有人可以帮忙吗? (也发布在RegexBuddy论坛上)
我有这个相对较大(自动生成)的正则表达式(在底部完整列出),并且使用此片段有许多重复的片段: -
# Add words to word list
(?<_KC1>(?:(?:\w|[ \t\\/]|\[\w*\])*?))
这是为了舀取&#39;更知名的片段之间的文字和文字。这些捕获都会在代码中汇总,以提供整体匹配中的单词列表。
我遇到的问题是第一个备用部分,即:
# Pair of Strike prices
(?<Strike>[+|-]?\d+(?:\.\d+)?)/(?<Strike2>[+|-]?\d+(?:\.\d+)?)
# Add to Word List (but not 'x' as last word) !!!!!!!!!!!! This is what needs changing
(?<_KC3>(?:(?:\w|[ \t\\/]|\[\w*\])*?))
# Cross price
(?:x[ \t]?-?(?<Cross>[+|-]?\d+(?:\.\d+)?)x?)?
正如你所看到的那样,&#34;交叉价格&#34;总是以&#39; x&#39;开头,所以我需要的是一个与我提到的第一个片段尽可能相似的模式,但忽略了最后一个字,如果碰巧是&#39; x&#39;。 还有两个并发症: 1)&#34;交叉价格&#34;本身是可选的 2)&#39; x&#39;本身可以匹配&#34;期货到期日&#34;作为路透社的日期代码。
我尝试过负面的看守等等,但无论我做什么,我都会把别的东西弄乱。

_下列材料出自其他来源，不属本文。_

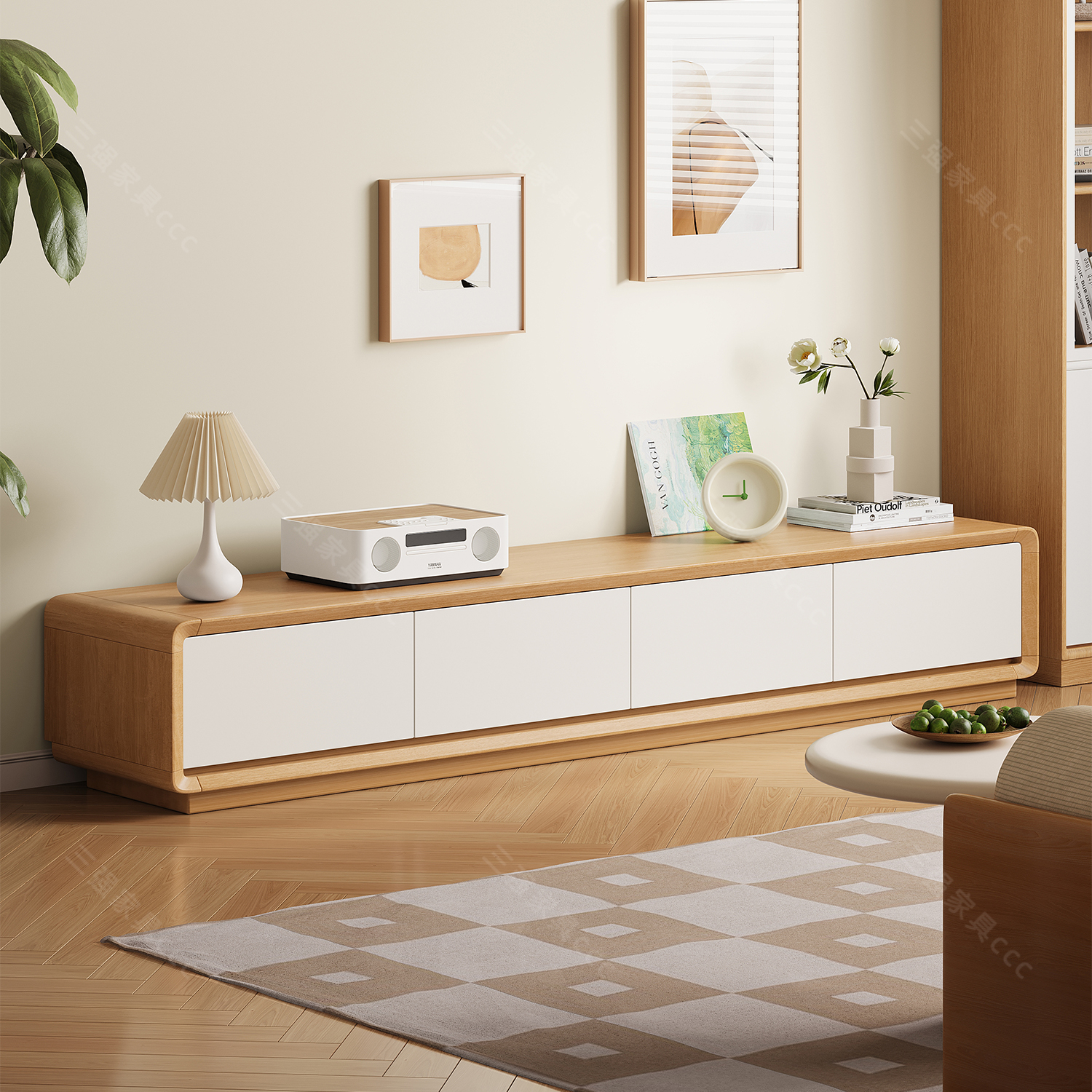奶油风落地电视柜现代简约小户型实木客厅2025新款电视机柜茶几
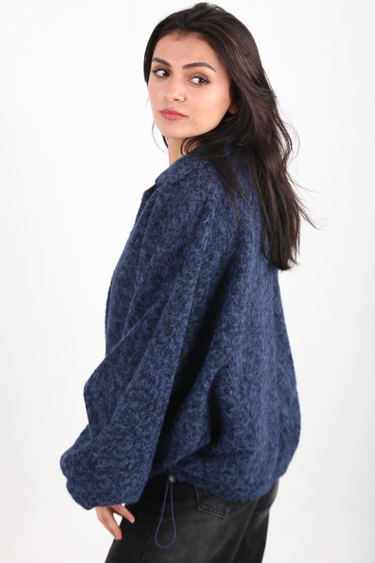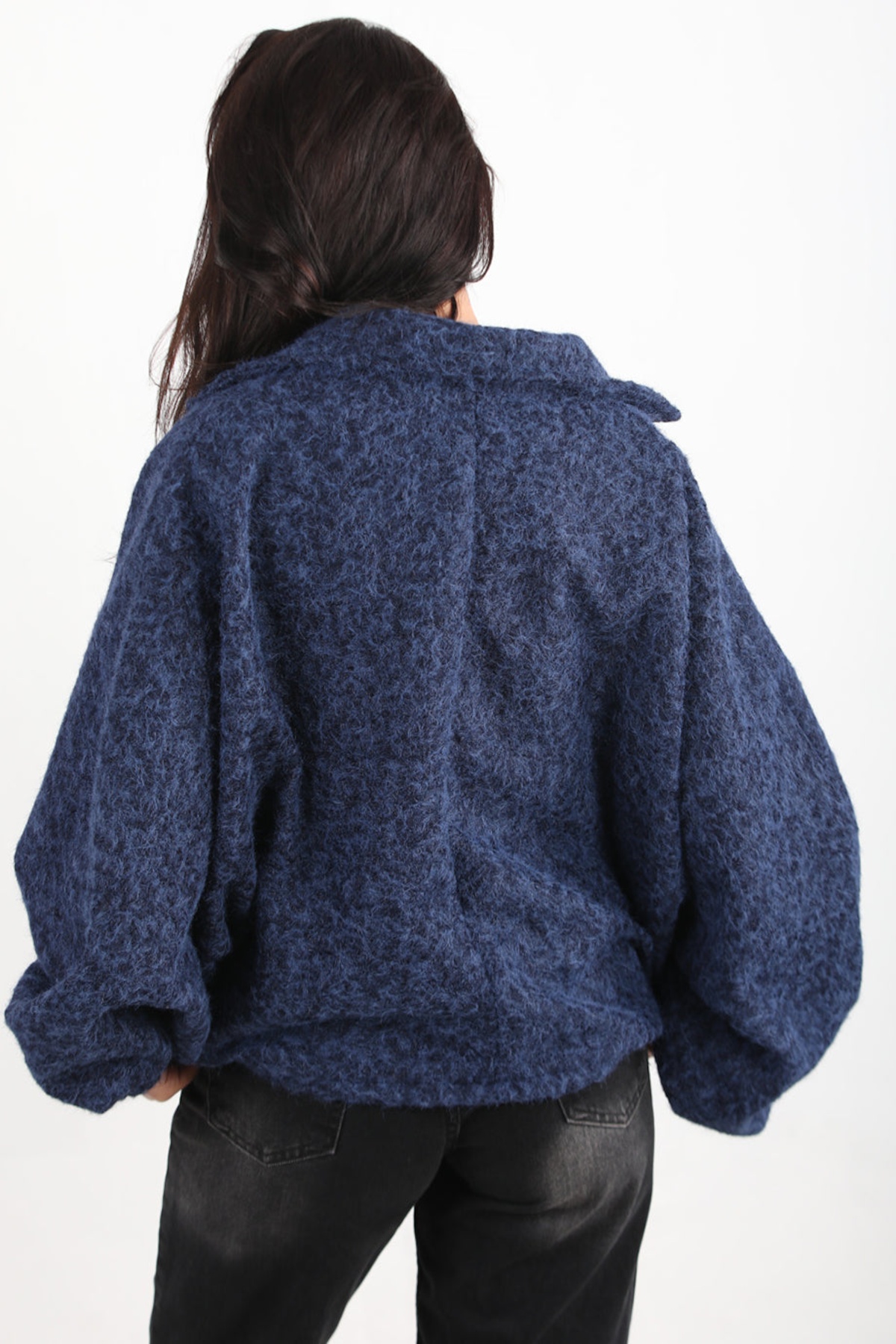Kadın Sakallı Kaşe Ön Fermuarlı Ceket Lacivert

我相信答案可能在于If-Then-Else条件,但我不确定。
举个例子: -
WTI AMERICAN:Jun12 110.00 / 140.00 [1x2]来电差价x 102.50 350 - 365
&#34;一对罢工价格&#34;正在返回&#34; 110.00 / 140.00 &#34;正如预期的那样
但是Word List正在提取&#34; [1x2]调用点差x &#34; &#34; 102.50 &#34;应该是&#34;交叉价格&#34;现在正在表达式中稍后匹配为&#34; Bid&#34; “买入/卖出价差”的一部分&#34;。
感谢任何帮助
干杯 西蒙
# Match this group (optional)
(?:
# Match one of the product symbols or their aliases
\b(?<ProductSymbol>CL|Brent|GasOil|WTI|LO|BRT)\b
# Add words to word list
(?<_KC1>(?:(?:\w|[ \t\\/]|\[\w*\])*?))
# Skip over whitespace plus any of these characters [:]
[ \t:]+
)?
# Futures expiry date
(?<=[ \t]|'|^)(?<FuturesExpiryPeriod>(?<_MY>(?<_MYP>(?:Jan(?:uary)?|Feb(?:ruary)?|Mar(?:ch)?|Apr(?:il)?|May|Jun(?:e)?|Jul(?:y)?|Aug(?:ust)?|Sep(?:tember)?|Oct(?:ober)?|Nov(?:ember)?|Dec(?:ember)?))[ \t]?(?<_MYY>(?:20)?\d\d))|(?<_CE>Cal-?(?<_CEY>(?:20)?\d\d))|(?<_QF>Q(?:uarter)?(?<_QFP>1|2|3|4)[ \t]*(?<_QFY>(?:20)?\d\d))|(?<_QL>(?<_QLP>1|2|3|4)[ \t]*Q(?:uarter)?[ \t]*(?<_QLY>(?:20)?\d\d))|(?<_HY>(?<_HYP>1|2)[ \t]*H(?:alf)?[ \t]*(?<_HYY>(?:20)?\d\d))|(?<_ER>(?<_ERP>[FGHJKMNQUVXZ])(?<_ERY>\d{0,2}))[ \t]*)
# Skip over whitespace
[ \t]+
# Add words to word list
(?<_KC2>(?:(?:\w|[ \t\\/]|\[\w*\])*?))
# Match one of the following choices (in order):
(?:
(?: # First choice
# Pair of Strike prices
(?<Strike>[+|-]?\d+(?:\.\d+)?)/(?<Strike2>[+|-]?\d+(?:\.\d+)?)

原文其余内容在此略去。